Task input »
____

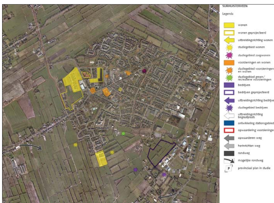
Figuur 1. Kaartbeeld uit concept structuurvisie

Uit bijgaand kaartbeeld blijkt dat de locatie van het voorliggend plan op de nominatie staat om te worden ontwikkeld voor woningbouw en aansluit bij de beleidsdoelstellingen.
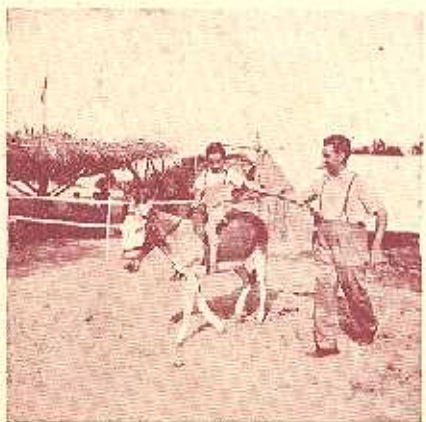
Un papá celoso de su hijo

____

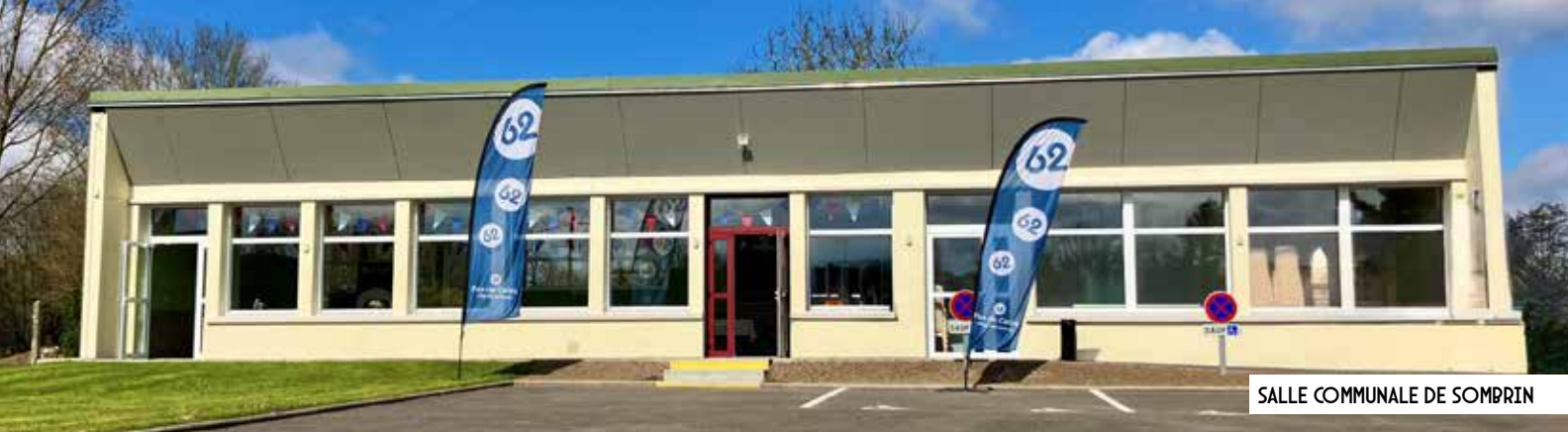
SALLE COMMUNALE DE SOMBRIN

____

What is required » What should come back is an exact copy of the lines above from the line with "Figuur 1. Kaartbeeld" to the line with "Un papá celoso de su hijo", both included, minus the pictures.

Response to the task »
Figuur 1. Kaartbeeld uit concept structuurvisie

Uit bijgaand kaartbeeld blijkt dat de locatie van het voorliggend plan op de nominatie staat om te worden ontwikkeld voor woningbouw en aansluit bij de beleidsdoelstellingen.
Un papá celoso de su hijo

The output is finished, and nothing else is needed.